Part 3 – “Everything Has a Reason” Contradicts a Loving God Who Grieves

Here’s where we abandon the tweets and jokes and get a bit more serious.

So far I have mentioned that the everything happens for a reason thing is flawed because it insists on a “cause and effect” outlook on life and is practically impossible to be consistent with. I understand why many like it and while I admit, the allure of being able to comfort myself that everything is happening right on schedule is appealing.  However, when given some thought, there are severe shortcomings.

One is that it diminishes the human experience. Are we created humans in God’s own image with some capacity for free will or are we simply pre-programmed robots? Second, it proclaims a weak God.

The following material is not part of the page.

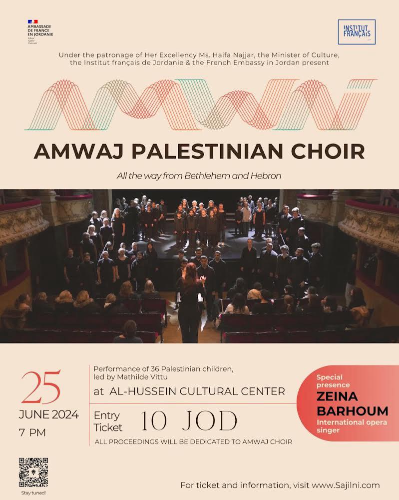 Ammon News - Under the patronage of H.E. Mrs. Haifa Najjar, Minister of Culture, the French Embassy and the French Institute of Jordan organize a concert performed by the Amwaj Choir of Palestine, on Tuesday 25 June, 2024, at 7:00 p.m. at the Al Hussein Cultural Centre in Amman .

As if He is a being that seems so afraid of human decision and action that He must stop them! Third, it implies that God is mean and contradicts His benevolence. Frankly, what kind of a God would pre-program us (read foreordain) to fail at the one thing He detests above all – sin?

These assumptions undermine the characteristics of omniscience and omnipotence. And at the risk of sounding sacrilegious, it makes God sound infinitely insecure and a galactic jerk. Further, when I sing about His Might, how can I also sing about His love without at some level feeling that He is a bully? And what becomes of prayer but a pre-determined routine that voids the beauty of communion and only reminds the Listener of His own manipulation?

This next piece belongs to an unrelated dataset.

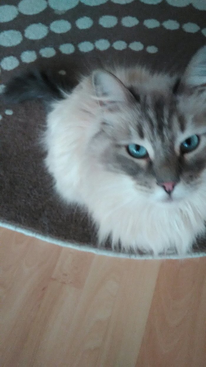 Дома уже проживали два братца кота. Вновь прибывшего сын назвал Валентином, даже не знаю почему, зовем его Валек. Так вот, Валентин оказался невский маскарадный кастрат, ему около 4х лет. От глистов полечили, в весе набрал, глаз вылечен, шерсть прекрасная. Жрал первые месяцы не в себя, потом блевал - видимо так голод сказался, сейчас тоже пытается переесть, но я препятствую.
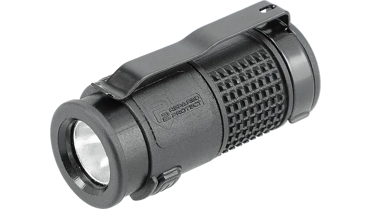 UMAREX P2P Pocket Flash Strobe Flashlight 500 lumens е компактен фенер за самозащита, създаден специално за безконтактна защита срещу агресори. Моделът разполага със силна стробоскопична светлина от 500 лумена, която се активира моментално чрез два удобно разположени бутона върху главата на фенера – идеално решение за стресови и опасни ситуации, когато бързата реакция е ключова. За максимална готовност Pocket Flash е оборудван с халка за ключодържател и здрава щипка за джоб, което позволява лесно и постоянно носене дори на места с ограничения за оръжие. Здравият полимерен корпус е водоустойчив по стандарт IPX7 и осигурява надежден захват и интуитивна употреба. Фенерът работи с включена литиева батерия CR123, която има дълъг срок на годност от 5 до 10 години, гарантирайки продължителна оперативна готовност. UMAREX P2P Pocket Flash е идеален избор за ежедневна лична защита, сигурност и бърза реакция във всяка ситуация.

Frankly, this is not the God that I believe in and I find it disgraceful to suggest that this type of pre-programmed human experience is a reflection of His image breathed into us.

I could go on but the the area that I find this faulty theology to be most damaging is in tragedy. I do remember the dark times. I remember the pain and the hopelessness. And I remember the difference between grieving and thinking that God wanted this and later thinking that God didn’t. Further I remember the beautiful comfort when I realized that God too was grieved.

Of the many accounts of Jesus’ life, among the most that have struck me are the moments is when the Gospel writers say that Jesus was filled with compassion. And of course, of those moments, I am moved by John’s account of Jesus weeping over the loss of His friend Lazarus, even though He knew He would bring him back to life. A God that weeps, a God that mourns, a God that knows love is a God that does not take the easy way out.

I know for those reading this will be a hard line to read, “Everything has a reason” sounds like an escapist motto to me. Not escapism like heroin but rather, escapism like denial. What if when someone died, God too was grieved? Not just because he/she may have suffered but because you and I suffer when we grieve their loss. And to take it a step further, what if God grieved every loss because it was yet another nail being hammered into the order of creation that death has infiltrated the ranks? What if God grieved when we grieved because He too, never wanted to experience the possibility of death? I praise the Lord for countless reasons, and among them is because the story does not end with a grieving Supreme Deity helpless to offer hope to our meaningless existence.

Part 4 soon – til then, feel free to comment, disagree, discuss …

Comments

  1. When E. T. taught me in theology class that God is perfect and therefore lacking nothing I had to wonder how that jives/clashes with an emotional God who rejoices when lost things are found as described in Luke 15 or the grieving God you mention in this post. Instead of throwing my hands up in intellectual surrender I am instead awed by the beauty of the mystery.

  2. Ahhh, good ole E.T. – those were the days …

    I think since we created in God’s image, God obviously has emotions. The Scriptures talk about them quite regularly: His anger, compassionate, disappointment, joy, etc.

    Too often we create this false impression that God is completely stoic and He only could understand the human experience through His recollection of the Second Person of the Trinity (as if He is no longer alive!). This does a terrible disservice on so many levels like to our theology to our church, our proclamation to the world, our communion with God.

    I love your last line, I think submitting ourselves to the mystery of it is a beautiful form of worship.